Many data center migration scenarios include moving from a central firewall to multiple smaller firewalls and network security groups. A common challenge is how to configure each network security group (NSG). What should be allowed?

One way to map out which traffic to allow is using Service Map, as shown in previous blog posts. It is also possible to take it one step further, by automatically reading Service Map data from Log Analytics and building NSG rules based on the collected data.

To show an example of this, we have put together a PowerShell script. The script reads Service Map data for a specific server and builds an NSG and NSG rules based on the read data. The NSG is then attached to the server’s network adapter. Download the script here.

Of course, there are some risks with this; for example, if there is an “evil process” running on the server and communicating on the network, then there will be an NSG rule for this too. Also, the Service Map will only collect data for TCP traffic, not UDP, and the script expects the server to already exist in Azure. You will not be able to use this script to create NSG rules for servers that have not been migrated.

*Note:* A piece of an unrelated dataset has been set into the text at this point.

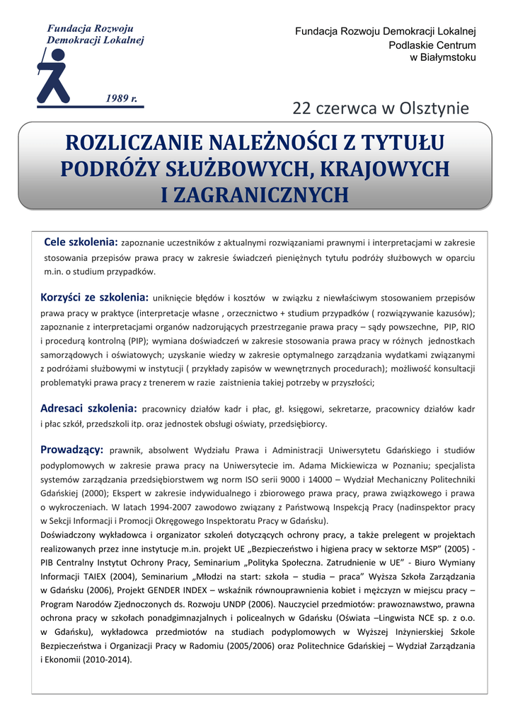 Fundacja Rozwoju Demokracji Lokalnej Podlaskie Centrum w Białymstoku 22 czerwca w Olsztynie ROZLICZANIE NALEŻNOŚCI Z TYTUŁU PODRÓŻY SŁUŻBOWYCH, KRAJOWYCH I ZAGRANICZNYCH Cele szkolenia: zapoznanie uczestników z aktualnymi rozwiązaniami prawnymi i interpretacjami w zakresie stosowania przepisów prawa pracy w zakresie świadczeń pieniężnych tytułu podróży służbowych w oparciu m.in. o studium przypadków. Korzyści ze szkolenia: uniknięcie błędów i kosztów w związku z niewłaściwym stosowaniem przepisów prawa pracy w praktyce (interpretacje własne , orzecznictwo + studium przypadków ( rozwiązywanie kazusów); zapoznanie z interpretacjami organów nadzorujących przestrzeganie prawa pracy – sądy powszechne, PIP, RIO i procedurą kontrolną (PIP); wymiana doświadczeń w zakresie stosowania prawa pracy w różnych jednostkach samorządowych i oświatowych; uzyskanie wiedzy w zakresie optymalnego zarządzania wydatkami związanymi z podróżami służbowymi w instytucji ( przykłady zapisów w wewnętrznych procedurach); możliwość konsultacji problematyki prawa pracy z trenerem w razie zaistnienia takiej potrzeby w przyszłości; Adresaci szkolenia: pracownicy działów kadr i płac, gł. księgowi, sekretarze, pracownicy działów kadr i płac szkół, przedszkoli itp. oraz jednostek obsługi oświaty, przedsiębiorcy. Prowadzący: prawnik, absolwent Wydziału Prawa i Administracji Uniwersytetu Gdańskiego i studiów podyplomowych w zakresie prawa pracy na Uniwersytecie im. Adama Mickiewicza w Poznaniu; specjalista systemów zarządzania przedsiębiorstwem wg norm ISO serii 9000 i 14000 – Wydział Mechaniczny Politechniki Gdańskiej (2000); Ekspert w zakresie indywidualnego i zbiorowego prawa pracy, prawa związkowego i prawa o wykroczeniach. W latach 1994-2007 zawodowo związany z Państwową Inspekcją Pracy (nadinspektor pracy w Sekcji Informacji i Promocji Okręgowego Inspektoratu Pracy w Gdańsku). Doświadczony wykładowca i organizator szkoleń dotyczących ochrony pracy, a także prelegent w projektach realizowanych przez inne instytucje m.in. projekt UE „Bezpieczeństwo i higiena pracy w sektorze MSP” (2005) PIB Centralny Instytut Ochrony Pracy, Seminarium „Polityka Społeczna. Zatrudnienie w UE” - Biuro Wymiany Informacji TAIEX (2004), Seminarium „Młodzi na start: szkoła – studia – praca” Wyższa Szkoła Zarządzania w Gdańsku (2006), Projekt GENDER INDEX – wskaźnik równouprawnienia kobiet i mężczyzn w miejscu pracy – Program Narodów Zjednoczonych ds. Rozwoju UNDP (2006). Nauczyciel przedmiotów: prawoznawstwo, prawna ochrona pracy w szkołach ponadgimnazjalnych i policealnych w Gdańsku (Oświata –Lingwista NCE sp. z o.o. w Gdańsku), wykładowca przedmiotów na studiach podyplomowych w Wyższej Inżynierskiej Szkole Bezpieczeństwa i Organizacji Pracy w Radomiu (2005/2006) oraz Politechnice Gdańskiej – Wydział Zarządzania i Ekonomii (2010-2014). Program szkolenia: 1. Omówienie aktualnych rozwiązań prawnych w zakresie podróży służbowych w 2016 r. 2. Pojęcie podróży służbowej i innych wyjazdów pracowniczych, w kontekście zakresu obowiązków i miejsca wykonywania pracy. 3. Zasady obliczania diet krajowych i pozostałych kosztów podróży: dieta krajowa uzależniona od ilości posiłków zapewnionych pracownikom; nocleg ze śniadaniem- problemy praktyczne i możliwe rozwiązania faktyczne; problemy praktyczne związane z wypłacaniem diet, w tym posiłek z kontrahentem, obiad na szkoleniu, obiadokolacja, posiłek zapewniony, ale niespożyty itp.; dieta za podróż służbową krajową w trakcie podróży zagranicznej; koszty przejazdu – środki komunikacji publicznej, pojazdy nie będące własnością pracodawcy; pozostałe wydatki – zakres uznania kosztów; 4. Zasady wypłacania ryczałtów wypłacanych pracownikom limity ryczałtów za noclegi; ryczałty za dojazdy – zasady obliczenia, wyłączenia; 5. Dokumenty związane z rozliczaniem podróży służbowych: polecenie wyjazdu służbowego - obowiązki formalne dokumentu, wyjazdy krótkoterminowe (w ramach dniówki roboczej); zgoda na użycie samochodu niebędącego własnością pracodawcy; skutki prawne wyjazdu bez polecenia pracodawcy; potwierdzenie pobytu pracownika w danym miejscu jako dodatkowy obowiązek nie wynikający z przepisów prawa pracy; rozliczenie wyjazdu - wymagania formalne, w tym zatwierdzenia formalne, merytoryczne i do wypłaty dokumenty podpinane pod rozliczenie delegacji - rozliczania faktur, paragonów, rachunków na osobę fizyczną (pracownika); skutki nieprawidłowego rozliczenia delegacji (niezgodnego z prawdą) i nieprawidłowego rozliczenia kosztów podróży służbowej przez pracodawcę; wewnętrzne regulacje – procedury i instrukcje rozliczania podróży służbowych (przykłady rozwiązań); 6. Rozliczanie podróży służbowej zagranicznej: podróż zagraniczna do kilku państw; moment rozpoczęcia i zakończenia podróży zagranicznej - problemy praktyczne wyjazd do kilku państw; zasady ustalania diet za pobyt w danym państwie; pozostałe koszty podróży służbowych; 7. Rozliczanie zaliczek na podróże służbowe. Terminy. 8. Czas pracy w podróży służbowej. Ograniczanie związane z delegowaniem pracowników poza stałe miejsce pracy. 9. Skutki wypadku w trakcie podróży służbowej w zakresie kosztów podróży. 10. Orzecznictwo oraz interpretacje urzędowe i podatkowe dotyczące podróży służbowych. 11. Rozwiązywanie kazusów z zakresu podróży służbowych, w tym w zakresie naliczania należności. 12. Indywidualne konsultacje. SZKOLENIE: ROZLICZANIE NALEŻNOŚCI Z TYTUŁU PODRÓŻY SŁUŻBOWYCH, KRAJOWYCH I ZAGRANICZNYCH DANE D O K ON T AK T U : Miejsce: Fundacja Rozwoju Demokracji Lokalnej Podlaskie Centrum ul. Choroszczańska 31 15-732 Białystok (Dawny budynek Wyższej Szkoły Ekonomicznej) tel./fax. 85 732 17 88, 85 732 94 84 e-mail: [email protected] Termin i godzina: w w w. f

Thanks to Vanessa for good conversation and ideas 🙂

Disclaimer: Cloud is a very fast-moving target. It means that by the time you’re reading this post, everything described here could have been changed completely. The blog post is provided “AS-IS” with no warranties.

Visualize Service Map data in a workbook

Service Map is a feature in Azure Monitor to automatically discovers communication between applications on both Windows and Linux servers. Service Map visualize collected data in a service map, with servers, processes, inbound and outbound connection latency, and ports across any TCP-connected architecture — more information about Service Map at Microsoft Docs.


The default Service Map view is very useful in many scenarios, but there is, from time to time, a need for creating custom views and reports based on the Service Map data. Custom views and reports are created with Kusto queries and workbooks. In this blog post, we will look at some examples of a visualize Service map data in a workbook.


One of the main reasons you may want to create customer workbooks based on Service Map data is that the default Service Map view only shows one hour of data, even if more data is collected.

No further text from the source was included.